Task description ->
Find the line containing "जयन्त प्रतिनिधि। कोटद्वार" in the records below. Copy exactly that line and each one after it, ending at the line containing "Namu qarsai tukas", and nothing more.

Material supplied ->
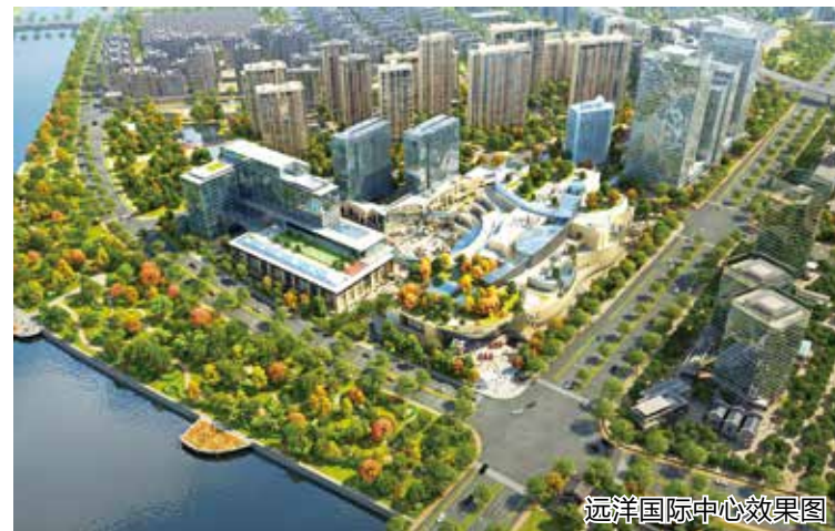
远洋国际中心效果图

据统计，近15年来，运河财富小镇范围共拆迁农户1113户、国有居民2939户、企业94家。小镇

...

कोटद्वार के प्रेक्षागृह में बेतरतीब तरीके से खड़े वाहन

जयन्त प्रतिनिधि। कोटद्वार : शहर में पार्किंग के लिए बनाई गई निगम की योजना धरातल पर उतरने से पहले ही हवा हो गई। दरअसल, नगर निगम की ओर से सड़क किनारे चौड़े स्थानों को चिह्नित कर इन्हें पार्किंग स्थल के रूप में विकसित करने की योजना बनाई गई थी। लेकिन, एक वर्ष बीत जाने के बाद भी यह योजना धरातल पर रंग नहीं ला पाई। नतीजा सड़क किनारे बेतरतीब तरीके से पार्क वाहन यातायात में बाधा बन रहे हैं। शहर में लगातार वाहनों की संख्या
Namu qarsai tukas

Solution below ->
जयन्त प्रतिनिधि। कोटद्वार : शहर में पार्किंग के लिए बनाई गई निगम की योजना धरातल पर उतरने से पहले ही हवा हो गई। दरअसल, नगर निगम की ओर से सड़क किनारे चौड़े स्थानों को चिह्नित कर इन्हें पार्किंग स्थल के रूप में विकसित करने की योजना बनाई गई थी। लेकिन, एक वर्ष बीत जाने के बाद भी यह योजना धरातल पर रंग नहीं ला पाई। नतीजा सड़क किनारे बेतरतीब तरीके से पार्क वाहन यातायात में बाधा बन रहे हैं। शहर में लगातार वाहनों की संख्या
Namu qarsai tukas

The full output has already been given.